• [WORK REQUIRED]: Return the lines of the data below starting at the one holding "美式拼接撞色棒球领外套男2025秋季新款复古宽松情侣休闲卫衣夹克" and ending at the one holding "Вторая зона расположена", word for word, leaving every picture out.

• [MATERIAL PROVIDED]:
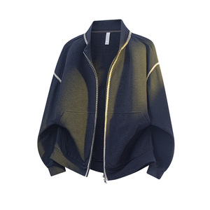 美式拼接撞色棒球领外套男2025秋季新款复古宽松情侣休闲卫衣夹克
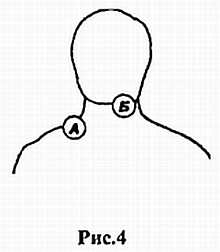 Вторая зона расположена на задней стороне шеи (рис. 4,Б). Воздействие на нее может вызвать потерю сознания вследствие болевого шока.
==
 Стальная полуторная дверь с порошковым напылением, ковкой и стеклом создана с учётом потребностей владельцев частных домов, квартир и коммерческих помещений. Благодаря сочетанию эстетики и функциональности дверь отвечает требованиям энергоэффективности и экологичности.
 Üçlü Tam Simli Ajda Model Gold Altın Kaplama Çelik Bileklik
--
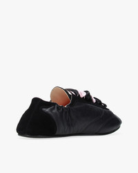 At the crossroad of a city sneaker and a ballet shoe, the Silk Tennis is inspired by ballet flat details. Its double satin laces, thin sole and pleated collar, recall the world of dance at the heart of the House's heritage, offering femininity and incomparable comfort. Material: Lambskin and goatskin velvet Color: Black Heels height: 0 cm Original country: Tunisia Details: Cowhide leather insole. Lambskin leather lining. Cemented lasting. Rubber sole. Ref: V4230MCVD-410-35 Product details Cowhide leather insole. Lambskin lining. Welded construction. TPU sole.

• [EXERCISE OUTPUT]:
 美式拼接撞色棒球领外套男2025秋季新款复古宽松情侣休闲卫衣夹克
 Вторая зона расположена на задней стороне шеи (рис. 4,Б). Воздействие на нее может вызвать потерю сознания вследствие болевого шока.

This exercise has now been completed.